The fog of war is thick. The battle lines of this campaign were drawn around the question of truth. There is no doubt that whatever Joseph Muscat had in mind when calling this election it was not really the supposed prosperous golden age that the country is passing through but rather the long list of failures in the field of governance (check out this site) that were not going away anywhere soon. The dangers of institutional breakdown remains the main motivator for this campaign: on the one hand you have a collective force, a coalition of sorts, whose campaign is built around getting a corrupt clique out of power as soon as possible, on the other hand it has become evident that the sole aim of the campaign (of the election itself) is to build a huge smokescreen around the issue of governance.
So the government of redacted contracts, hidden deals, selling of public land, and of structures to hide income in shady jurisdictions came up with an idyllic utopia storyline: The Best Time (L-aqwa zmien). Muscat is supposed to be some kind of mixture between Midas and Pericles and all the commoners of this world will enjoy the trickle down effect of the fabled Muscatonomics. The propaganda machine is well oiled and we now have learnt that the PL knew it would call an early election much before the most recent Panama Paper allegations. The groundwork of newspeak had been prepared with the main two “facts” to be thrown as a foundation for L-Aqwa Zmien being (1) record unemployment, (2) budget surplus. A slick machine that is well honed to reap the short-term benefits of the austerity policy while hiding real figures and projections under a huge carpet the size of GWU headquarters served the purpose. The implication: Par idejn Sodi? Look no further than Muscat.
This is one giant Potemkin village fashioned out of bubbles and risky deals in order to impress. Above all it is fashioned in order to distract. This blog had sussed out Muscat’s modus operandi from the beginning. He is a master in prestidigitation – using one hand to wrought a brilliant illusion while the other is busy at work behind everyone’s back. This election campaign is all about that. The whole front is a distraction from the truth. The truth is what he wants you to look away from. The truth is what his campaign will attack with vigour in order to attempt to prevent it coming out. Potemkine villages existed for Soviet Russia. They could work because in Soviet Russia the means of communication were under strict control.
This is not Soviet Malta. Yet. The danger signs are clear though. Only this morning we read that Jacob Borg of the Times has been summoned to court over a report regarding Pilatus Bank. Matthew Caruana Galizia of ICIJ fame was blocked from Facebook after being reported to the Zuckerberg company for having published documents related to the Panama Papers saga. The government that championed whistleblowers came down on the latest whistleblower that hit the headlines like a ton of bricks. I could go on but you get the idea.
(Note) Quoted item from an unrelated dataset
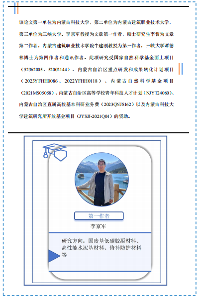 李京军,工学博士、教授,硕士研究生导师,内蒙古自治区优秀青年基金和内蒙古自治区高层次人才引进资金获得者,入选内蒙古自治区“青年科技英才”、内蒙古自治区“英才兴蒙”高层次人才、包头市“鹿城英才”、包头市“青年创新人才”和英国365集团公司“151优秀青年教师”等人才专项计划。主要从事固体废弃物建材资源化利用、高性能水泥基材料、轻钢轻混凝土组合结构方面的基础和应用研究。近五年,作为项目负责人主持国家自然科学基金、内蒙古自治区重点研发(4项)、中央引导地方项目、内蒙古优秀青年基金等国家级及省部级项目12项,地市级项目3项,企业项目2项,累计课题经费500余万元。以第一作者或通讯作者身份发表高水平期刊论文40余篇,其中,中科院一区SCI(TOP期刊)15篇,授权发明专利5项,编写教材/专著3部,参与制定标准5部。

The battle over the truth is getting vicious. It will bring out the worst of the worst and the irony of it all is that once this election is over we will only just have begun. The necessary reforms that must be put in place will require hard work and coordination as well as commitment. We are really risking the fine line between a modern liberal democracy and a third world country best described by the great Hitchens (in Love Poverty and War).
“Sooner or later, all talk among foreigners in Pyongyang turns to one imponderable subject. Do the locals really believe what they are told, and do they truly revere Fat Man and Little Boy? I have been a visiting writer in several authoritarian and totalitarian states, and usually the question answers itself. Someone in a café makes an offhand remark. A piece of ironic graffiti is scrawled in the men’s room. Some group at the university issues some improvised leaflet. The glacier begins to melt; a joke makes the rounds and the apparently immovable regime suddenly looks vulnerable and absurd. But it’s almost impossible to convey the extent to which North Korea just isn’t like that. South Koreans who met with long-lost family members after the June rapprochement were thunderstruck at the way their shabby and thin northern relatives extolled Fat Man and Little Boy. Of course, they had been handpicked, but they stuck to their line.
There’s a possible reason for the existence of this level of denial, which is backed up by an indescribable degree of surveillance and indoctrination. A North Korean citizen who decided that it was all a lie and a waste would have to face the fact that his life had been a lie and a waste also. The scenes of hysterical grief when Fat Man died were not all feigned; there might be a collective nervous breakdown if it was suddenly announced that the Great Leader had been a verbose and arrogant fraud. Picture, if you will, the abrupt deprogramming of more than 20 million Moonies or Jonestowners, who are suddenly informed that it was all a cruel joke and there’s no longer anybody to tell them what to do. There wouldn’t be enough Kool-Aid to go round. I often wondered how my guides kept straight faces.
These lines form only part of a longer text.